(DATA TO USE)
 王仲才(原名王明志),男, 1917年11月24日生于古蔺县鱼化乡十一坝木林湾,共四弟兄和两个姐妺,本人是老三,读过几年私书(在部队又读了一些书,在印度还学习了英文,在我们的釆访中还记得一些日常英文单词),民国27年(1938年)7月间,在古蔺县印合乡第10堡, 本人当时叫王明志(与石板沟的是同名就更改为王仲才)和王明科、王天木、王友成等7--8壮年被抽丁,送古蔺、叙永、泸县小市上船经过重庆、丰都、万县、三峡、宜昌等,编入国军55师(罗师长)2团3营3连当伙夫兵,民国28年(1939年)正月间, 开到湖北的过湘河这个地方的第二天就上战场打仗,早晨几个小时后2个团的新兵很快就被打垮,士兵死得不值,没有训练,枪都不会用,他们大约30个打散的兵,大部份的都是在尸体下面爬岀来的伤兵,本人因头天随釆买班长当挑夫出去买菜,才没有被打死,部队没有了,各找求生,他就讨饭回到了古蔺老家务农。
(End DATA TO USE)
(DATA TO USE)
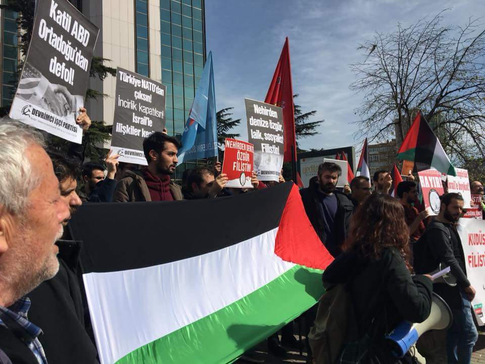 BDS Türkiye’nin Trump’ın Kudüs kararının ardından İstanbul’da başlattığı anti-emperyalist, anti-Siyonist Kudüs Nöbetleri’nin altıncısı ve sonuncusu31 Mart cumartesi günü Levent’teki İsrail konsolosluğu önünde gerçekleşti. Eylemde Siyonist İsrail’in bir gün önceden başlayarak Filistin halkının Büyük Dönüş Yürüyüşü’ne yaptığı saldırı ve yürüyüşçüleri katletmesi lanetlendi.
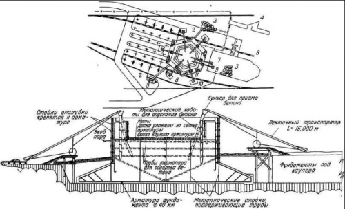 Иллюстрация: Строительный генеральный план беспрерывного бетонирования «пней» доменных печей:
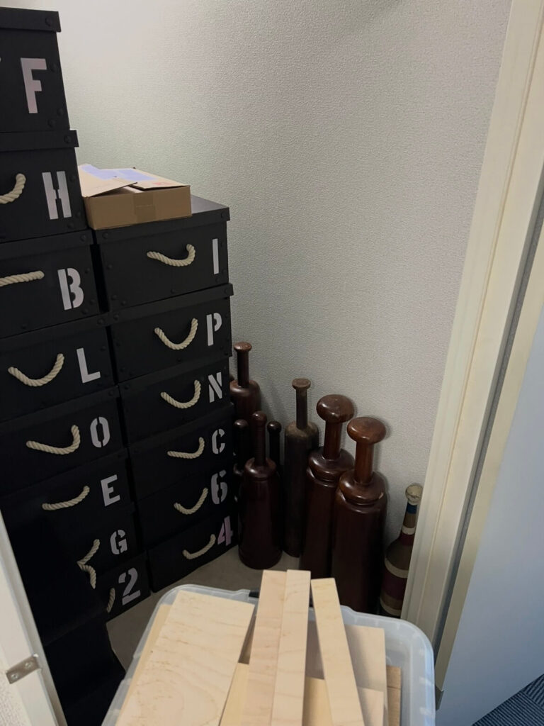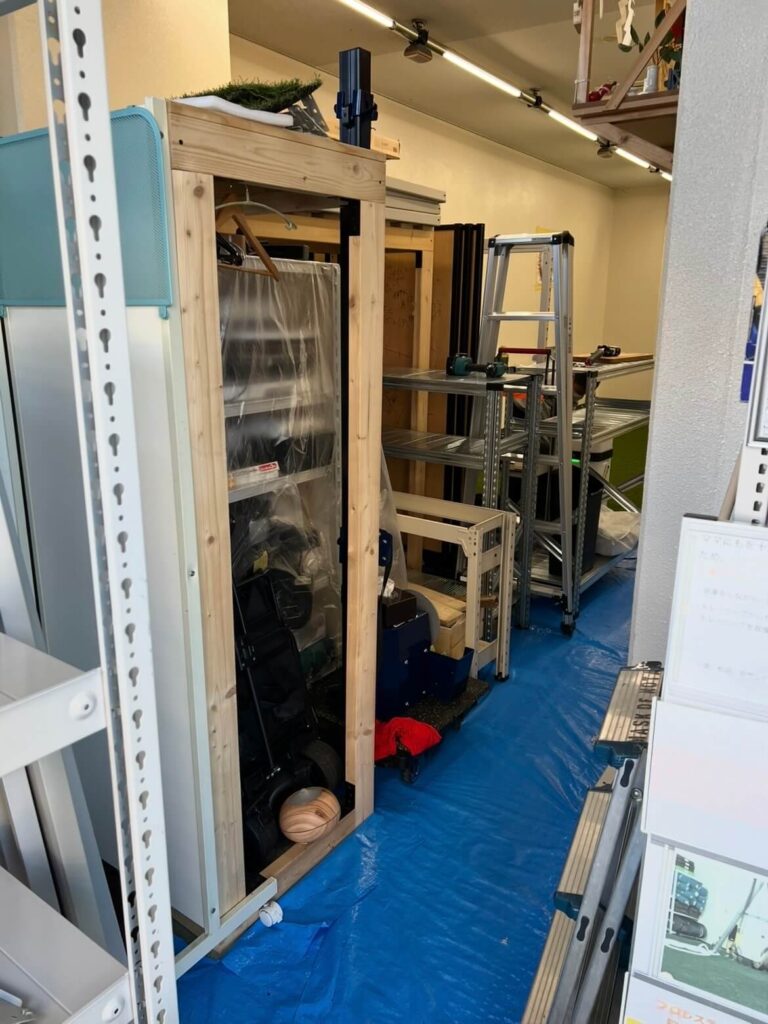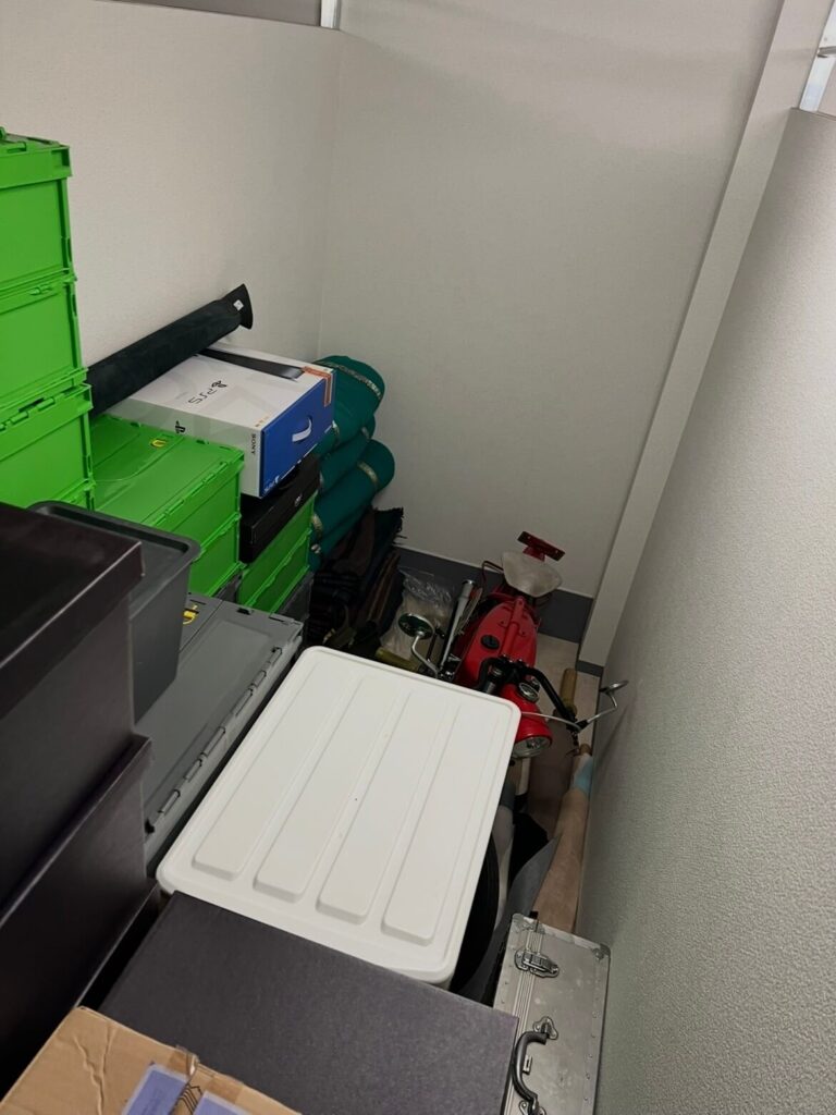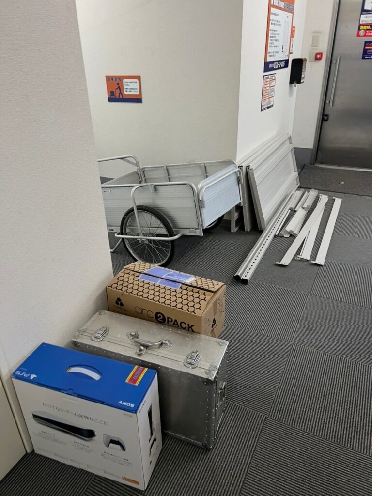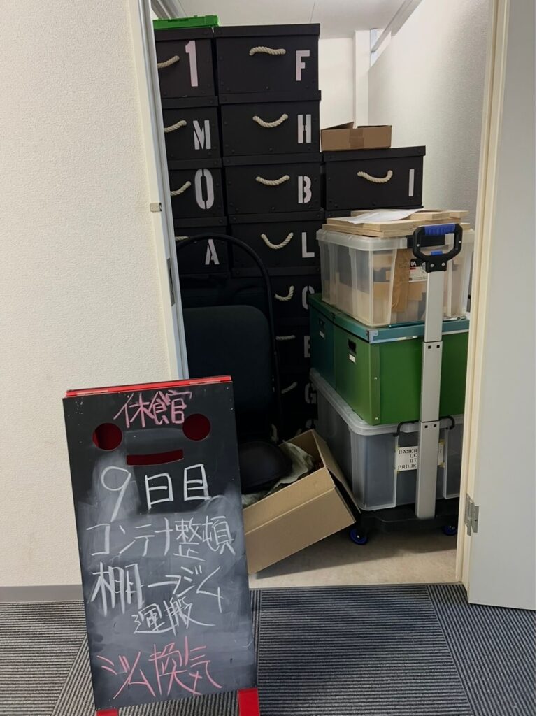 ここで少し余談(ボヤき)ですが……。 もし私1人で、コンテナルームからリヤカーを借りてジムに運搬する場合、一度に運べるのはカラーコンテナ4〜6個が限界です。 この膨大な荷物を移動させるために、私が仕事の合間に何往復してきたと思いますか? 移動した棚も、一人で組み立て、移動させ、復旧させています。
(End DATA TO USE)
(DATA TO USE)
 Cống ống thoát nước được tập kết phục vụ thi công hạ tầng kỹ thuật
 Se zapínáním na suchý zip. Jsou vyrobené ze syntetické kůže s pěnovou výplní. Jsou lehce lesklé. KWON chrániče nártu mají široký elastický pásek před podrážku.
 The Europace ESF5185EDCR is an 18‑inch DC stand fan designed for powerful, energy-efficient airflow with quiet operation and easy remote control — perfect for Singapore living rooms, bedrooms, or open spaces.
(End DATA TO USE)
WHAT NEEDS TO BE DONE:
Return the span of lines in the data above that opens at the line with "Cống ống thoát" and closes at the line with "Se zapínáním na", exactly, ends included, nothing else.

OUTPUT FOR THIS EXERCISE:
 Cống ống thoát nước được tập kết phục vụ thi công hạ tầng kỹ thuật
 Se zapínáním na suchý zip. Jsou vyrobené ze syntetické kůže s pěnovou výplní. Jsou lehce lesklé. KWON chrániče nártu mají široký elastický pásek před podrážku.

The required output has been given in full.